It is in my chemistry lab course. I had 0.1g of an unknown solid that I diluted in 100ml of distilled water. Then, I took 25ml and titrated it with NaOH (Concentration = 0.0189M). To reach equivalent point (the point where concentration of NaOH is equal to the concentration of my unknown IN THE SOLUTION), it took 7.5ml of NaOH.

Homework Equations


C1V1=C2V2
M=n/V , where n is number of moles, and V is volume of solution in liter.


The Attempt at a Solution


Basically, I did C1V1=C2V2.
C1= 0.0189M V1=7.5ml C2=? V2=32.5ml (25ml + 7.5ml)
I then get C2=0.00436.

When I solve of n (in M=n/V) and then do grams/moles to get molar mass, I get a molar mass that is impossible, or waay off... So I'm not sure anymore if I am approching this correctly...Is my V2 correct?
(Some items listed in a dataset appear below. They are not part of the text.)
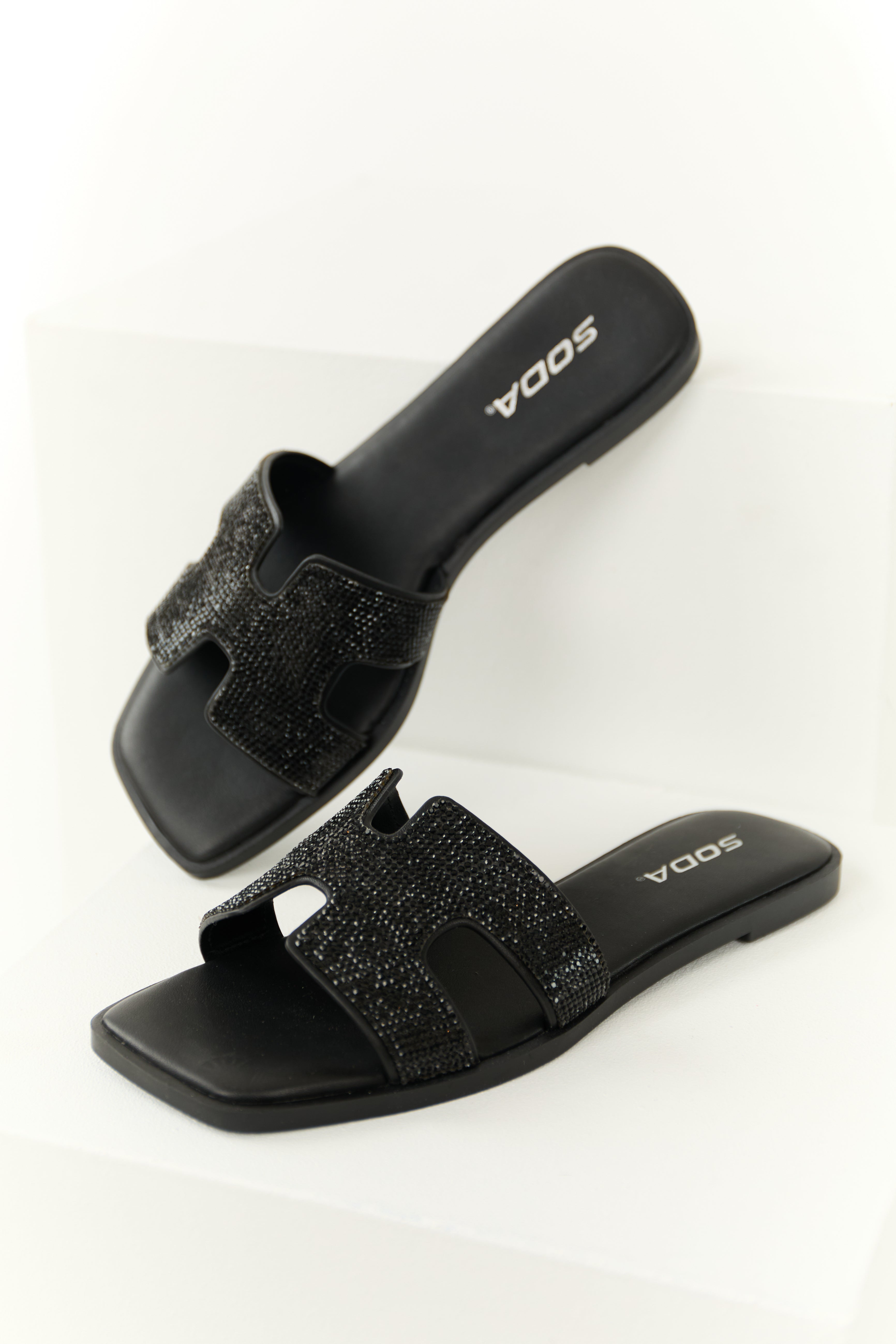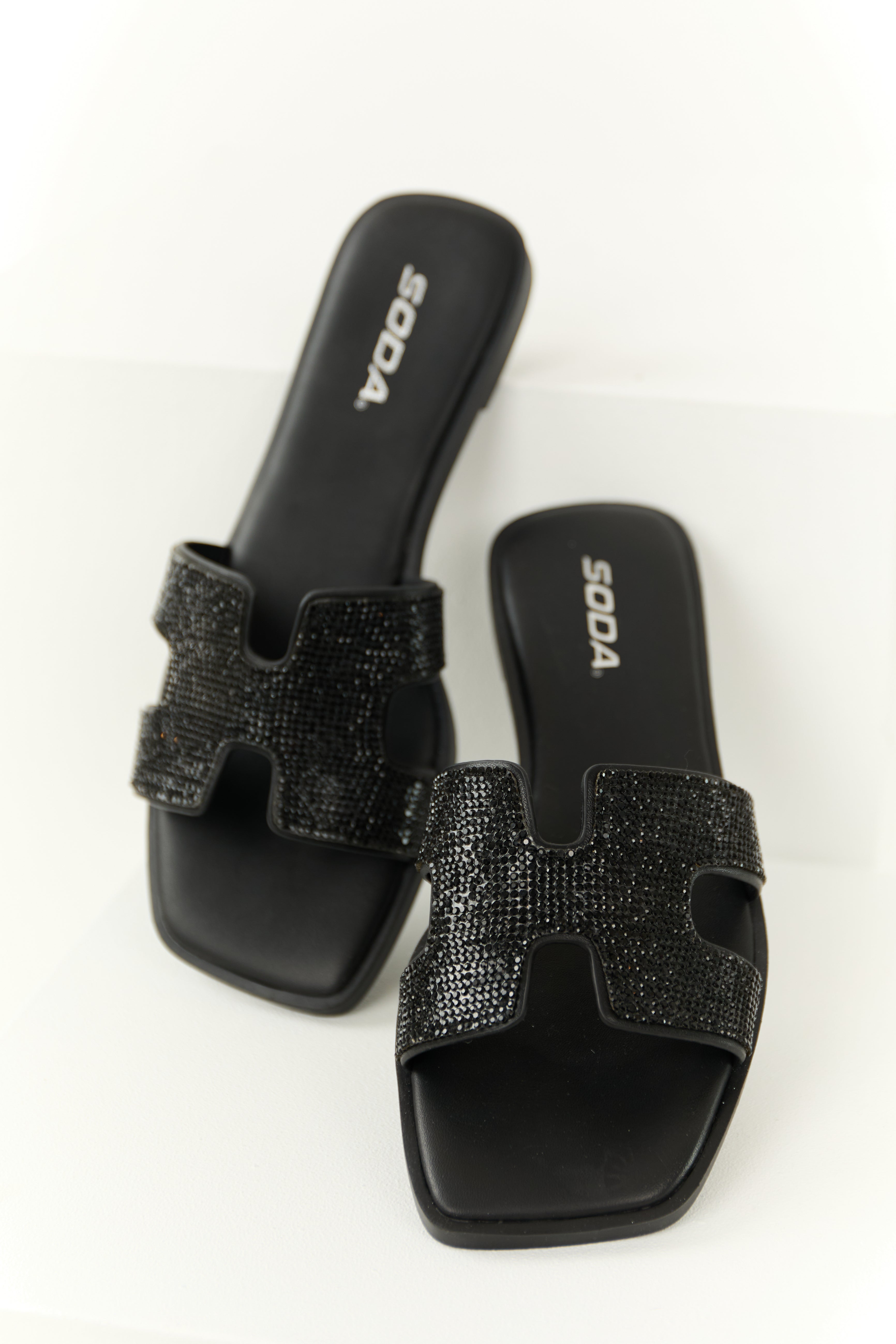 Black Rhinestone Open Toed Slip On Sandals
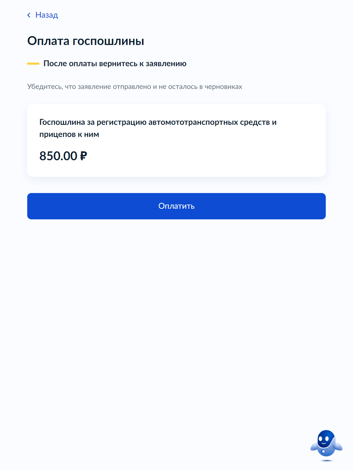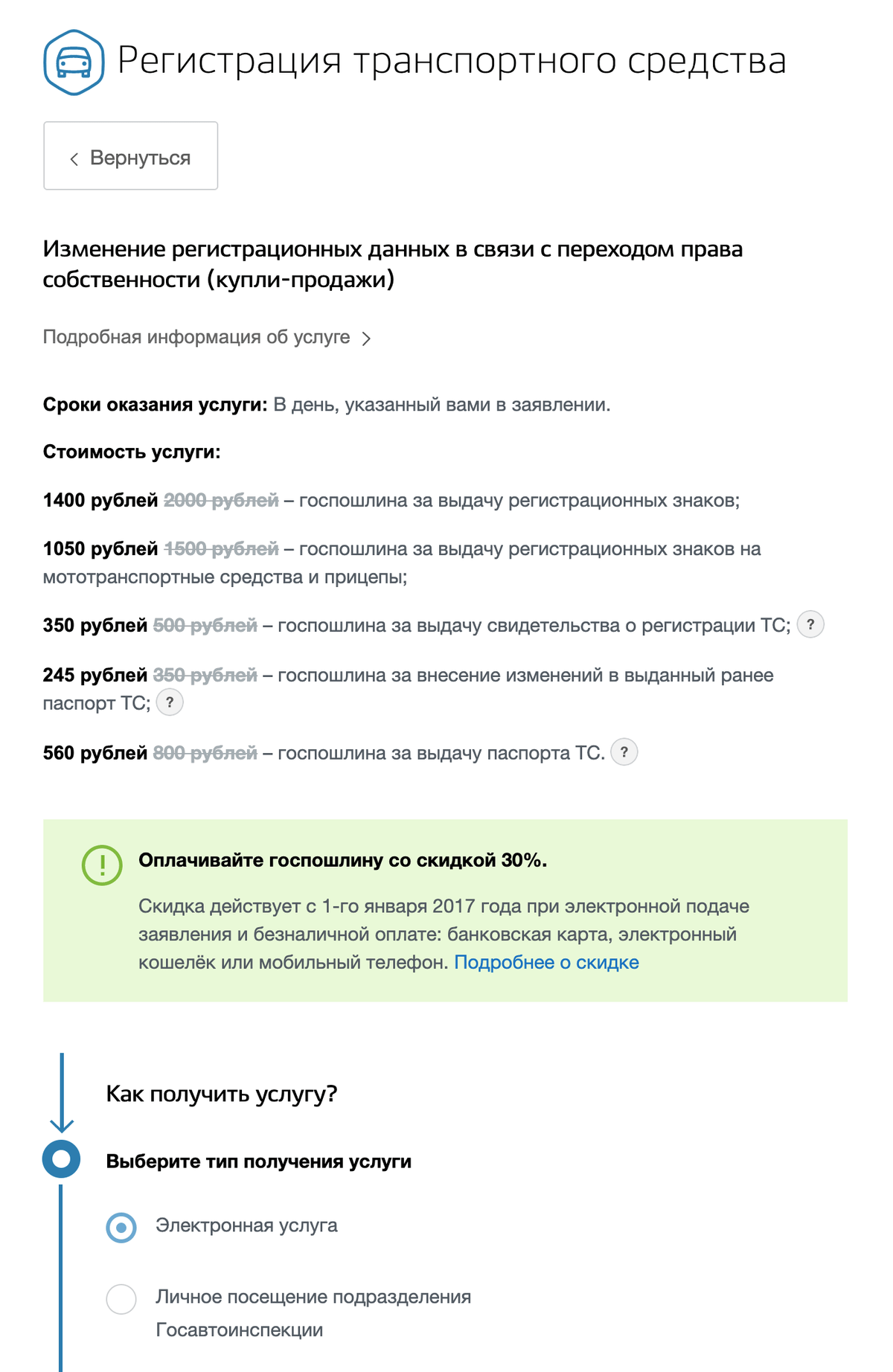 Все автовладельцы, которые подадут заявление на регистрацию ТС через Госуслуги, получают 30% скидку на оплату пошлин. Так, стоимость постановки на учет новой машины со скидкой составит 1995 руб. Оплатить госпошлину можно через мобильный платеж, электронный кошелек или банковскую карту.
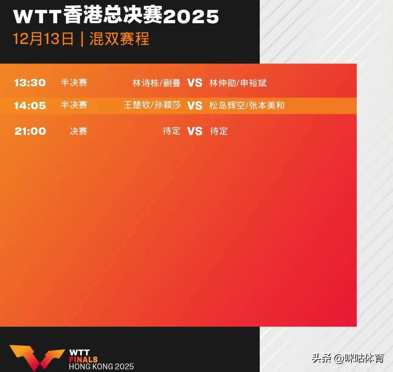 • 13:30 混双半决赛:林诗栋/蒯曼 vs 林钟勋/申裕斌,中韩组合强强对话,争夺决赛限额;
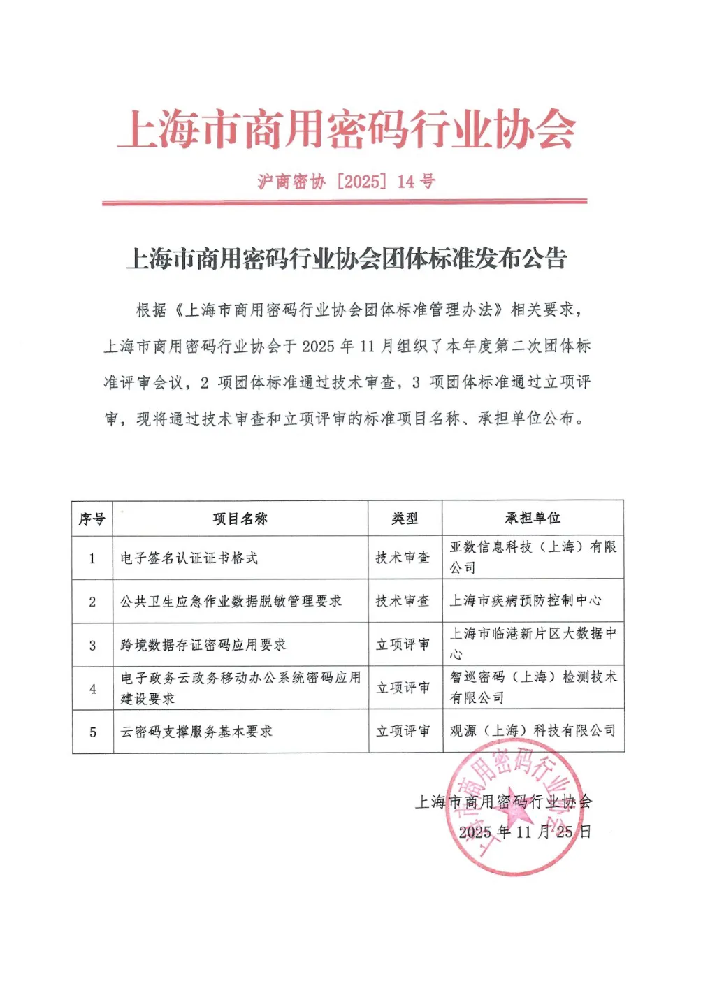 近日,由亚数信息科技(上海)有限公司(以下简称“亚数”)发起,并由其北京分公司总经理魏一才牵头编制的团体标准《电子签名认证证书格式》在上海市商用密码行业协会组织召开的年度第二次团体标准评审会议上顺利通过技术审查。
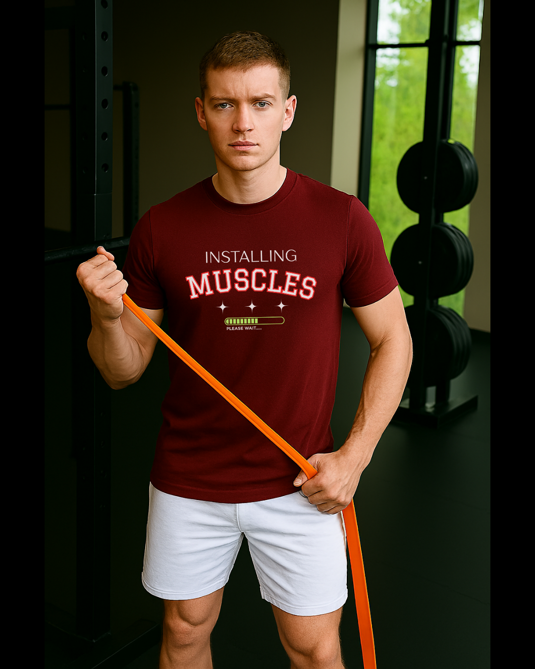 Level up your gym game with this ultra-soft, breathable cotton T-shirt that’s as cheeky as it is motivating. Featuring a high-impact graphic print of a loading bar labeled “Installing Muscles”, this tee is perfect for those who lift with humor and hustle.
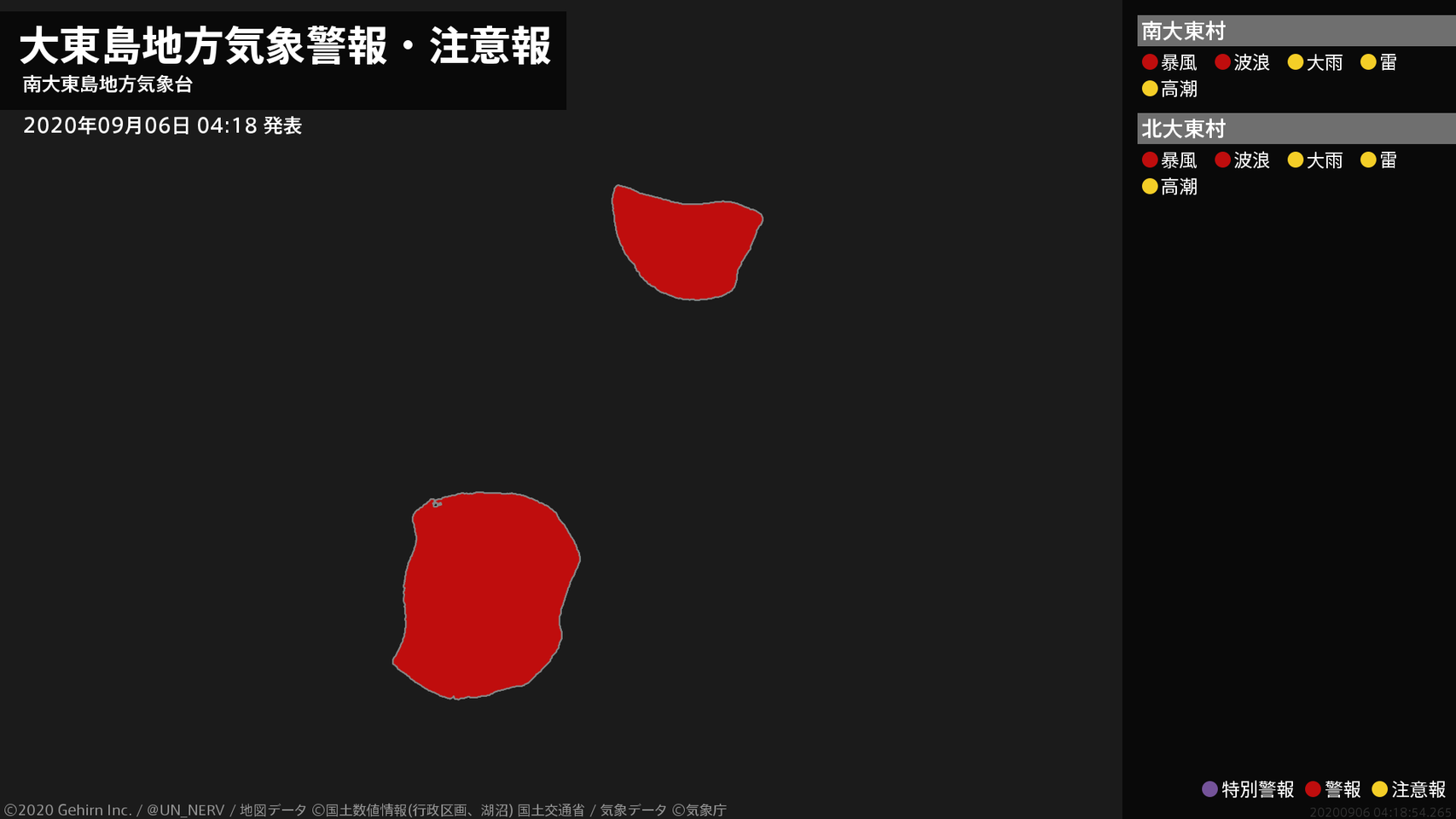 【大東島地方 気象警報・注意報 2020年09月06日 04:18】大東島地方では、6日昼前まで暴風に、6日夜遅くまで高波に警戒してください。#気象警報注意報 #大東島地方
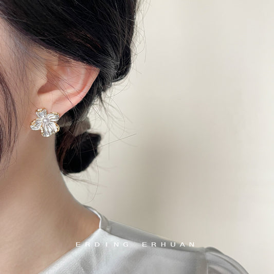 C廠【3950】鑲嵌鋯石輕奢風高級感花朵銀針耳飾氣質優雅設計師款珍珠耳環 24.05-2
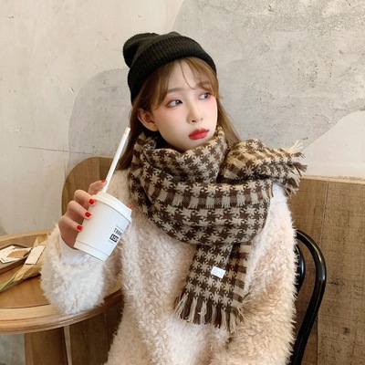 新款仿羊绒格子围巾女冬季长款保暖女式围巾围脖流苏两用披肩批发

How about the V I take for M=n/V, is it 0.100L (initial volume at which I diluted the solid).

Thanks in advance for any help.

PS: This is my first post on this forum, and it seems really a great forum!

I don't think your V2 value is right, as you are only titrating 25 ml at the start. Also don't forget that the 25 ml is not the complete sample.
 
OK. If I put my V2 to 25ml, it gives an answer that makes a lot of sens.
However, I don't understand the logic behind it. I mean, the final volume of titration is NOT 25ml, but rather 25ml + 7.5 ml. The initial concnetration of NaOH that I have is for 7.5ml, but as we add that 7.5 to 25, it gets diluted, and the final volume would not be 25...
Can someone please help me understand this, or is my reasoning completley wrong?
 
redioactif said:
OK. If I put my V2 to 25ml, it gives an answer that makes a lot of sens.
However, I don't understand the logic behind it. I mean, the final volume of titration is NOT 25ml, but rather 25ml + 7.5 ml. The initial concnetration of NaOH that I have is for 7.5ml, but as we add that 7.5 to 25, it gets diluted, and the final volume would not be 25...
Can someone please help me understand this, or is my reasoning completley wrong?

The base (NaOH) is only in the 7.5 ml sample, isn't it. There is no additional base in the sample of 25 ml that you made up to titrate against this.
 
No there isn't. I had 25ml of acid only.

I added 7.5ml to reach equivalence point in the titration.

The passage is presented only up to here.